What to work on:
An exact, complete printout of the listing is wanted, minus its images.

Source material:
+===+

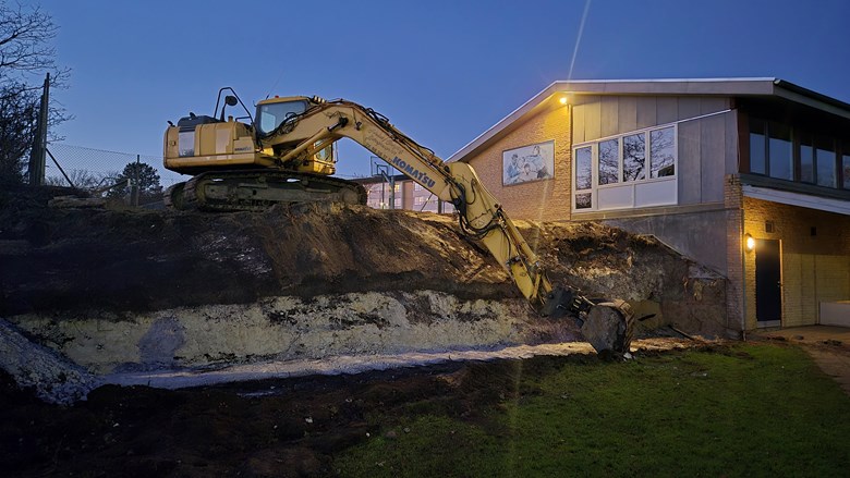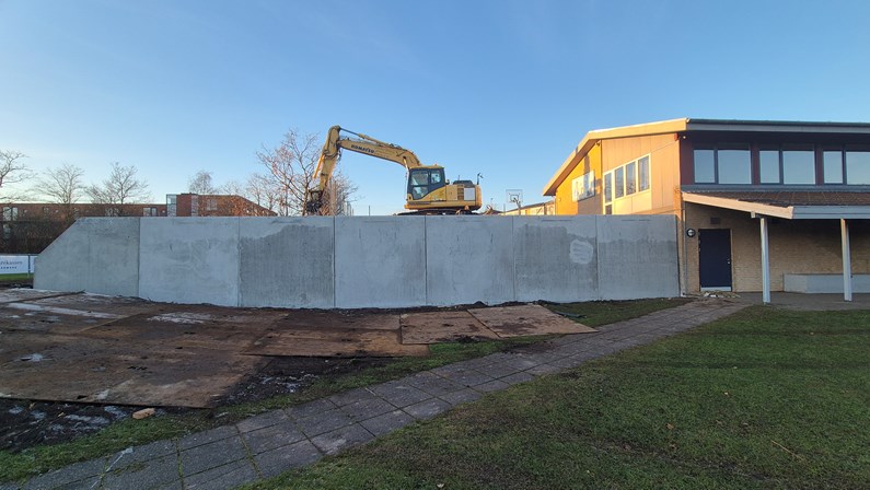 Den 17. november er de store maskiner i gang. Skrænten er gravet væk og der etableres et plateau til støttemuren
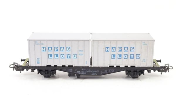 Containerwagen Typ Berlin der DB, Kunststoff-Gehäuse, Aufschrift HAPAG LLOYD, Wagen Nr. 21 80 042 0 606-4
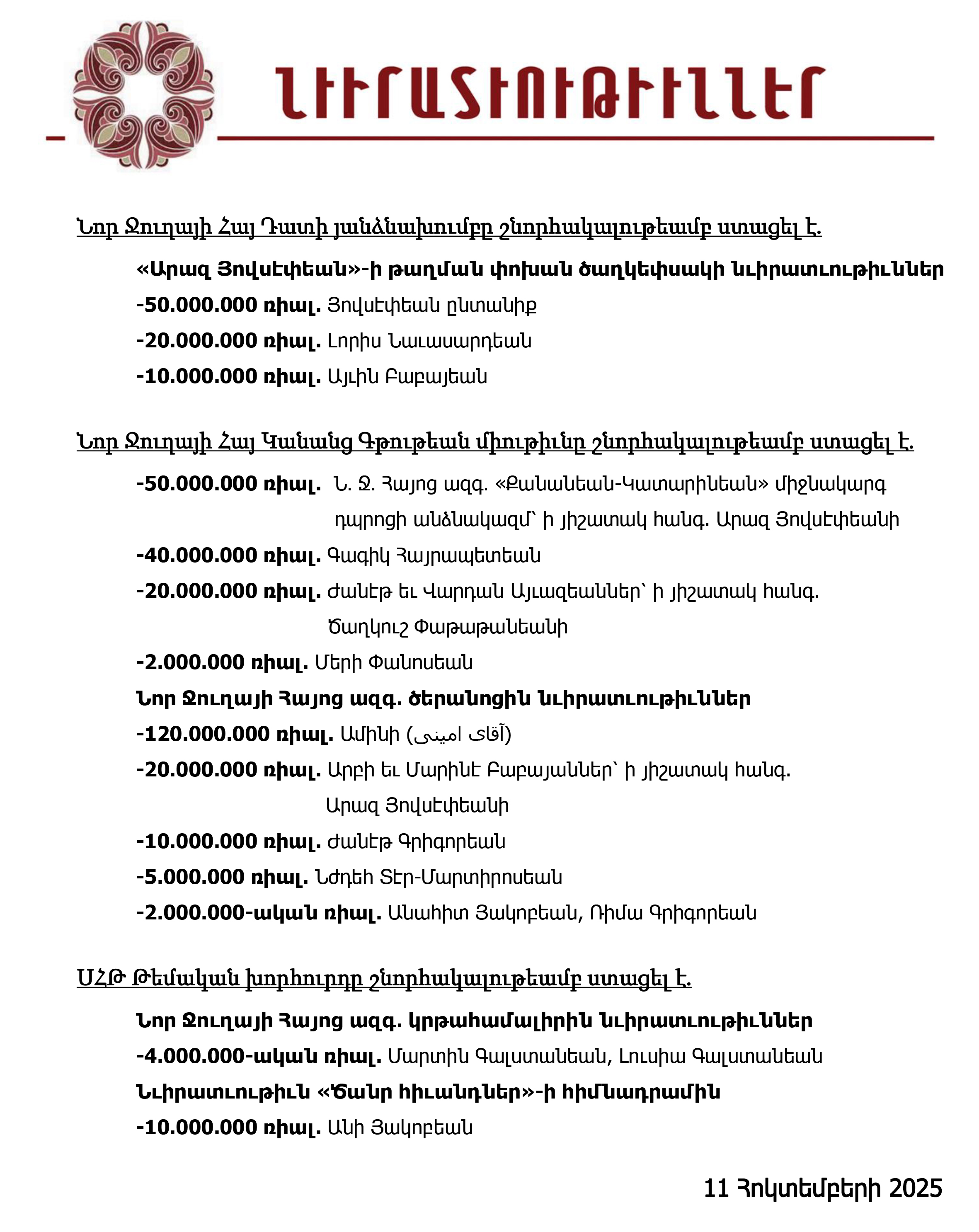 Նւիրատւութիւններ (11 Հոկտեմբեր 2025)

+===+

Response to the task:
 Den 17. november er de store maskiner i gang. Skrænten er gravet væk og der etableres et plateau til støttemuren
 Containerwagen Typ Berlin der DB, Kunststoff-Gehäuse, Aufschrift HAPAG LLOYD, Wagen Nr. 21 80 042 0 606-4
 Նւիրատւութիւններ (11 Հոկտեմբեր 2025)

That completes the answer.